__What the task requires__: An exact transcription is needed of the lines below from the one with "Mr. & Mrs. Panda" through the one with "We had one of", with no other lines and no pictures.

__Data__:
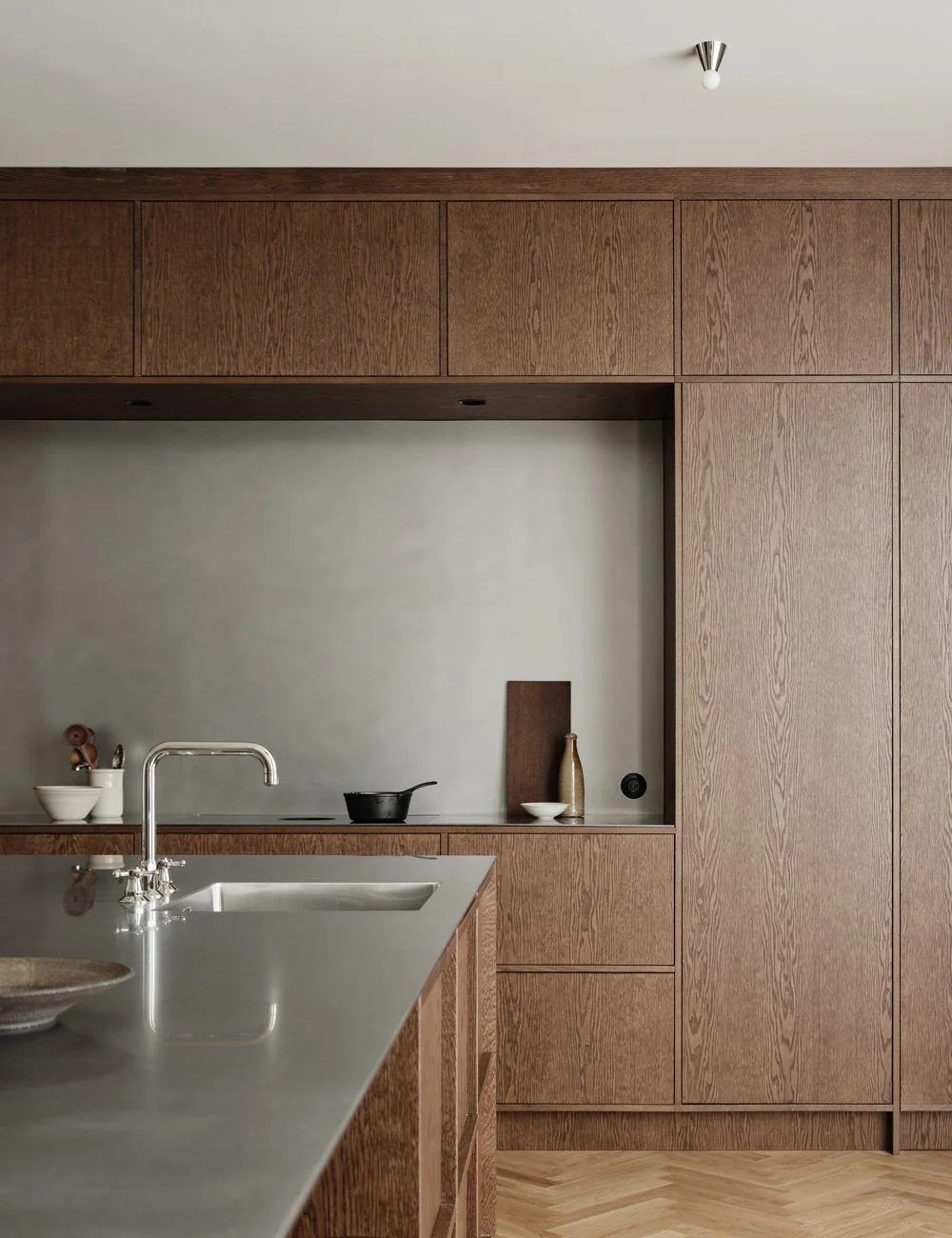 Benkeplaten i rustfritt stål tilfører en vakker kontrast mot skuffenes varme tretone – i det mørke trekjøkkenet i København.
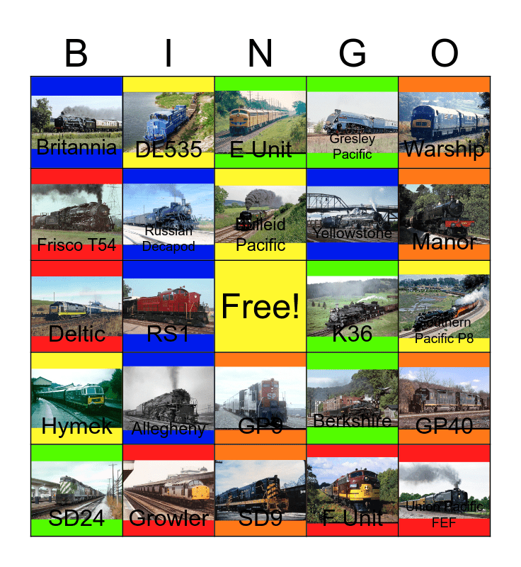 This bingo card has 24 images, a free space and 24 words: Allegheny, Growler, Bulleid Pacific, SD24, Warship, Britannia, Frisco T54, DL535, K36, GP9, Yellowstone, Deltic, Berkshire, GP40, Russian Decapod, F Unit, Southern Pacific P8, E Unit, Manor, RS1, Union Pacific FEF, Hymek, Gresley Pacific and SD9.
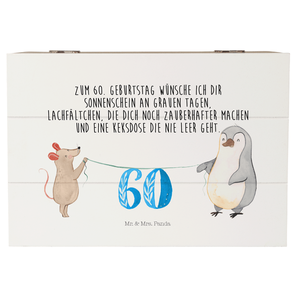 Mr. & Mrs. Panda 22 x 15 cm Holzkiste 60. Geburtstag Maus Pinguin - Weiß
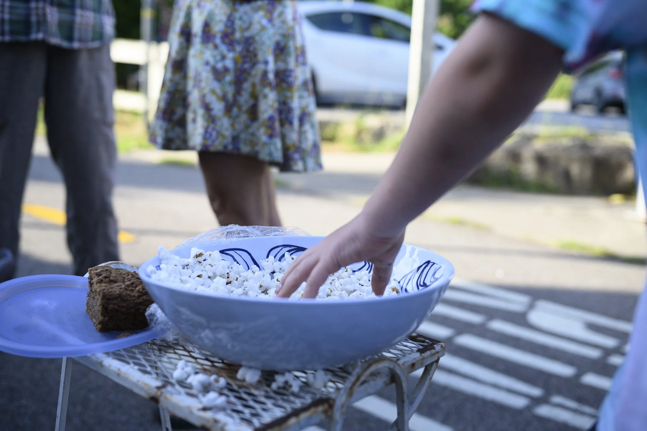 We had one of my favorite openings on a lovely evening right on the bike path, keeping and eye on the bikes that occasionally whizzed by.
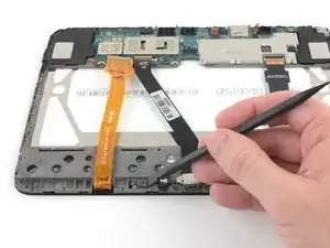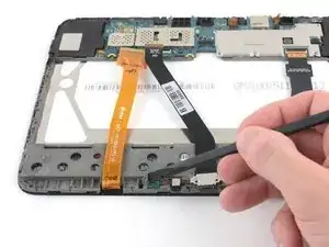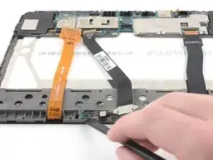 Используйте плоский конец полиамидной лопатки, чтобы открыть черную пластмассовую защелку разъема ZIF, закрепляющую ленточный кабель разъема зарядки.

__Result for this task__:
 Mr. & Mrs. Panda 22 x 15 cm Holzkiste 60. Geburtstag Maus Pinguin - Weiß
 We had one of my favorite openings on a lovely evening right on the bike path, keeping and eye on the bikes that occasionally whizzed by.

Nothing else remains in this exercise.